I live on the Great North Road, does it represent newcastle well?

Underappreciated but excellent?
The Thing Itself

Made me laugh harder than it should of
Doncaster reporting in

...

what is the BattleTech of literature?

Only one was manipulating him. And that same one manipulated their daughter into accepting the cucking of her father, and the hints to also cuck her own spouse. At least gared married an actual whore now that wouldn't share, so thats good. And she doesn't look like she would mess up a good thing by cucking the new baron.

Boy I sure do love me some philosophy with my giant mech robots nuking shit.

Who is a good horror author in your opinion?

The book is already a pop-culture reference, what's your point?

Iron Gold fucking when?

>I can't write while DRUMPF is President

Is this going to become a regular thing for authors?

whatever.scalzi.com/2017/10/02/2017-word-counts-and-writing-process/
Yes.

This is so repulsive to me, and I can't even articulate why.

He's right about one thing. He certainly can't write.

Did he really say that?

Is there a bigger meme fantasy author?

rowling.
>hermoine was never white

Odds on them being rapists? They are male feminists after all.

Theu raped my brain while reading their shitty books if that counts.

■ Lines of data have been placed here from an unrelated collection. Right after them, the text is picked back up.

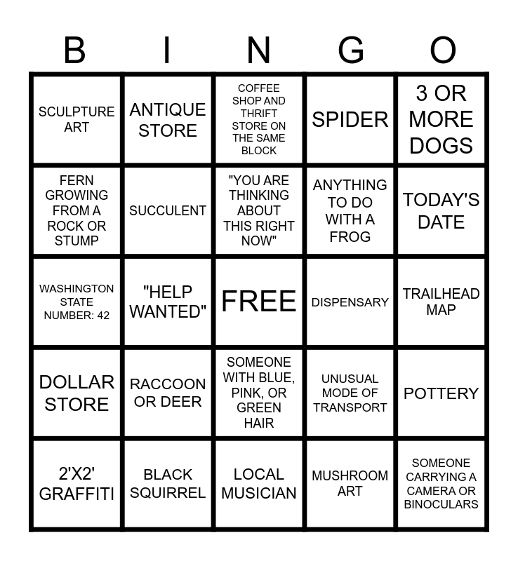 This bingo card has a free space and 24 words: RACCOON OR DEER, BLACK SQUIRREL, "YOU ARE THINKING ABOUT THIS RIGHT NOW", 2'X2' GRAFFITI, 3 OR MORE DOGS, SCULPTURE ART, FERN GROWING FROM A ROCK OR STUMP, ANTIQUE STORE, DISPENSARY, SOMEONE WITH BLUE, PINK, OR GREEN HAIR, ANYTHING TO DO WITH A FROG, WASHINGTON STATE NUMBER: 42, UNUSUAL MODE OF TRANSPORT, POTTERY, SUCCULENT, MUSHROOM ART, TRAILHEAD MAP, COFFEE SHOP AND THRIFT STORE ON THE SAME BLOCK, TODAY'S DATE, "HELP WANTED", SOMEONE CARRYING A CAMERA OR BINOCULARS, DOLLAR STORE, SPIDER and LOCAL MUSICIAN.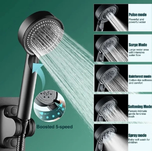 Bu siyah ve 5 fonksiyonlu duş başlığı, banyo deneyiminizi bir üst seviyeye taşıyacak şık ve işlevsel bir üründür.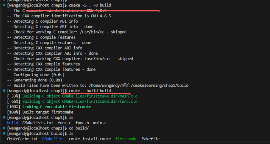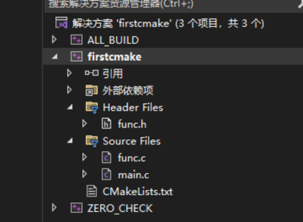 在您的代码中:project(firstcmake) 将项目命名为 firstcmake。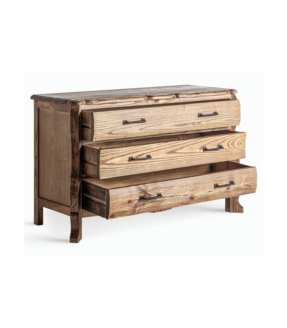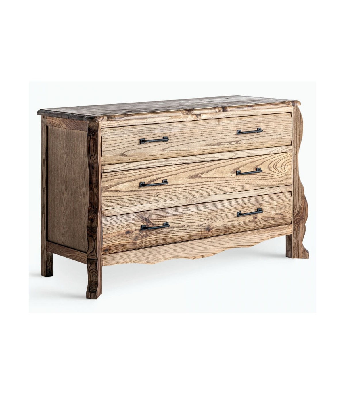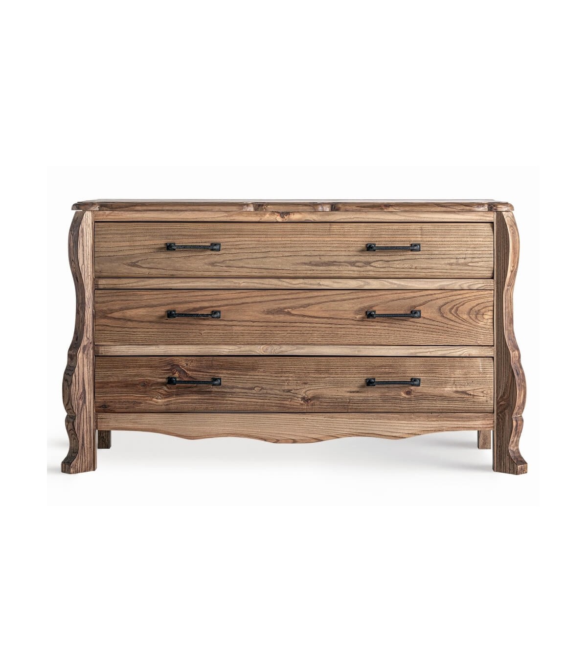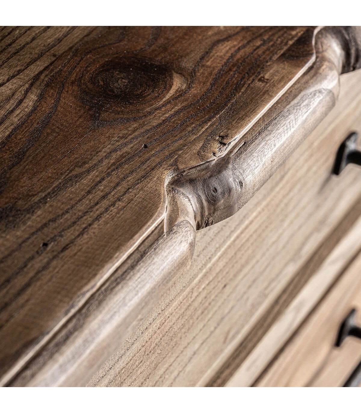 Esta imponente cómoda de estilo clásico está diseñada para destacar por su presencia, calidad y calidez. Fabricada en madera maciza de olmo, su veteado natural y estructura robusta la convierten en una pieza elegante y atemporal.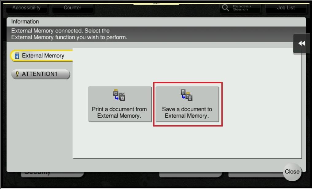 STEP 1(a) – After plug in Thumb Drive into machine, following message will appear, select [Save a document to External Memory].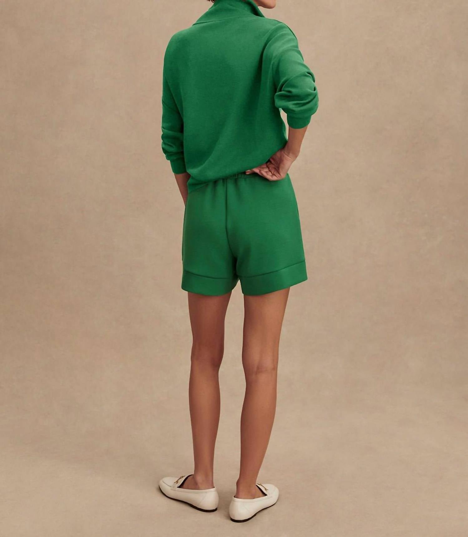 Experience unparalleled comfort with the Women's Atrium High Rise Short by VARLEY, crafted in their exclusive DoubleSoft® fabric. These high-rise A-line shorts feature a chic dipped drawcord and deep hem panel, perfect for minimalist spring and summer styles. Made from a viscose blend of 72% Viscose, 23% Polyester, and 5% Elastane, they ensure a flattering fit and easy movement. Care is simple with machine wash cool; for best results, wash inside out, dry flat, and use a cool iron if needed. Size S offers a front rise of 13", a waist of 13.6", and an inseam of 4.5", with no pockets and a tie closure.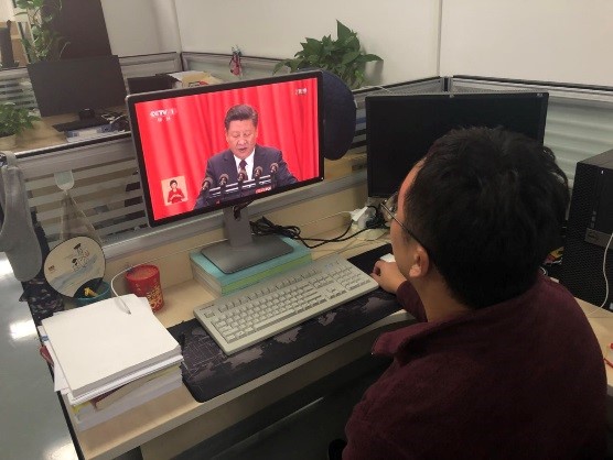 10月18日上午9点,宇航学院党委组织院班子成员及教师代表在宇航楼530会议室集中观看十九大开幕会,同时要求教师及学生党员采用多种方式观看开幕会。在各直播现场,广大师生认真观看,振奋不已,对党和国家未来发展充满期待。

I've read very few book in my life. I've read Guardians of Ga'Hoole, the Abhorsen trilogy, the God of Clocks books, Battle Royale, like 5 Halo books, House of Scorpion, The Hobbit, and Bram Stoker's Dracula. Out of all of these, the ones I enjoyed the most were the Abhorsen books, but I want to move on to something for an older audience that gives me the same feeling of adventure and has something new and interesting like the distinction between Charter and Free magic. I'm not even sure /why/ I liked them, as I'm not good at understanding that sort of thing, but I know I'd like more stuff like them.

>I've read Guardians of Ga'Hoole, the Abhorsen trilogy, the God of Clocks books, Battle Royale, like 5 Halo books, House of Scorpion, The Hobbit, and Bram Stoker's Dracula

...

Pick something and enjoy.

>reading books

hey FAGGOT. spotted something wrong with your list

No Simak.

So for 's sake. Mentally add every book by Simak onto that list, and then forget everything else and read a Simak book.

can I get a retardation check on an idea?

AU noir story where instead of banning alcohol, prohition banned caffeine.